If you are 17 years or younger, please have your parent/guardian sign this section.
I give my son/daughter (NAMED ABOVE) permission to work as a volunteer at Rainbow’s End. I also give permission for my child's name/or photograph to be used for promotional purposes or any media use concerning Rainbow's End.
I give permission for my son/daughter to have necessary labratory tests, health assessment, x-rays, and other screenings as needed for volunteering at Aspirus. Testing may include a labrotory test blood draw for TB, measles, mumps, rubella and chicken pox. Follow up vaccines will require individual consent. The above testing requirements follow hospital policy based on Center for Disease Control and Joint Commission standards.

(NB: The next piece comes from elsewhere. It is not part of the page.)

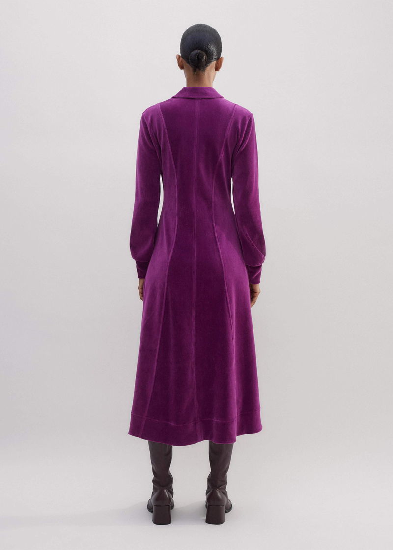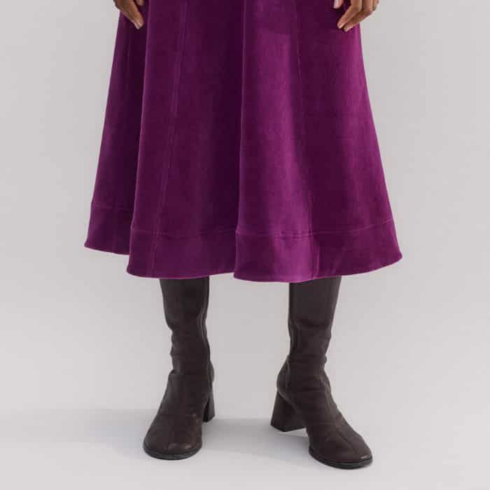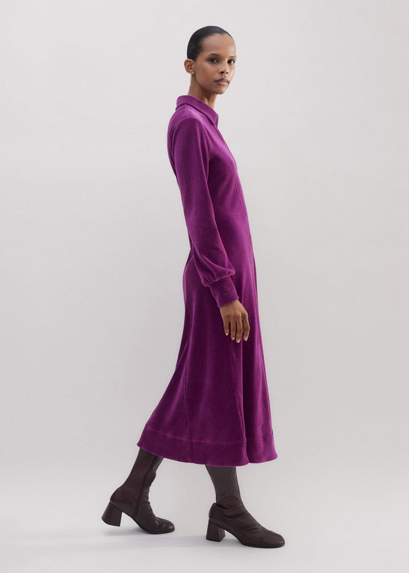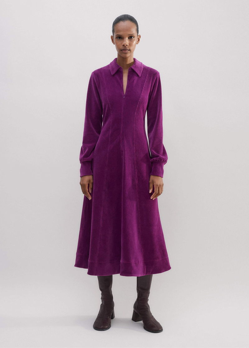 Cord Velour Fit And Flare Midi Dress Deep Winter Iris

I recognize that certain hazards and dangers are inherent in the camp program, particularly but not limited to, the activities of archery, and swimming. I acknowledge that although Rainbow’s End and Samoset Boy Scouts Council have taken safety measures to minimize the risk of injury to camp participants, they cannot ensure nor guarantee that the participants, equipment, premises and/or activities will be free of hazards, accidents and/or injuries. By participating in the program, I assume responsibility and release Aspirus Wausau Hospital and Samoset Boy Scouts Council from liability and waive any claims against them arising from any such injuries to my child.